As you can see, only 5%of the customers commented on 5 or more videos, while only 25%of the videos were reviewed by more than 10 users.

Next, we will filter the data to remove long-tail users and products:

customers = customers [customers> = 5]
products = products [products> = 10]
reduced_df = df.merge(pd.DataFrame({'customer_id':customers.index})). merge(pd.DataFrame({'product_id':products.index}))

Then recode users and products:

customer_index = pd.DataFrame({'customer_id':customers.index, 'user':np.arange(customers.shape [0])})
product_index = pd.DataFrame({'product_id':products.index,
'' '' '' 'Item':np.arange(products.shape [0])})
reduced_df = reduced_df.merge(customer_index) .merge(product_index)

Next, we cut the prepared data set into training and validation sets. The verification set will be used as a model effect verification and will not be used in training:

test_df = reduced_df.groupby('customer_id'). last(). reset_index()
train_df = reduced_df.merge(test_df [['customer_id', 'product_id']],
On = ['customer_id', 'product_id'],
how = 'outer',

(Indicator = True)
train_df = train_df [(train_df ['_ merge']== 'left_only')]

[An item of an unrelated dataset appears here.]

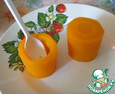 Морковь отварить. Охладить и очистить. Нарезать на кусочки, у меня вышло 5 кусочков. В каждом кусочке с помощью ложечки сделать углубление.

Finally, we convert the data set from Pandas DataFrame to MXNet NDArray, this is because the GluNe interface based on MXNe will be used for model training:

atch_size = 1024
train = gluon.data.ArrayDataset(nd.array(train_df ['user']. values, dtype = np.float32),
Nd.array(train_df ['item']. Values, dtype = np.float32),
Nd.array(train_df ['star_rating']. Values, dtype = np.float32))
test = gluon.data.ArrayDataset(nd.array(test_df ['user']. values, dtype = np.float32),
Nd.array(test_df ['item']. Values, dtype = np.float32),
Nd.array(test_df ['star_rating']. Values, dtype = np.float32))
train_iter = gluon.data.DataLoader(train, shuffle = True, num_workers = 4, batch_size = batch_size, last_batch = 'rollover')
test_iter = gluon.data.DataLoader(train, shuffle = True, num_workers = 4, batch_size = batch_size, last_batch = 'rollover')
4. Use local machine training

First, we will train locally by defining a simple network structure. Here we will inherit the Gluon interface to build the MFBlock class. The following main network structure needs to be set. For more information on how to use Gluon to build a custom network model, you can refer to Hands-on Deep Learning . A brief description is as follows:

  • embeddings convert the input dense vector to a fixed length . Here we select "64", adjustable

  • dense layers full link layer, using ReLU activation function

  • dropout layer to prevent overfitting

    class MFBlock(gluon.HybridBlock):
    Def init __(self, max_users, max_items, num_emb, dropout_p = 0.5):
    Super(MFBlock, self) .
    init __()

    Self.max_users = max_users
    Self.max_items = max_items
    Self.dropout_p = dropout_p
    Self.num_emb = num_emb

    With self.name_scope():
    Self.user_embeddings = gluon.nn.Embedding(max_users, num_emb)
    Self.item_embeddings = gluon.nn.Embedding(max_items, num_emb)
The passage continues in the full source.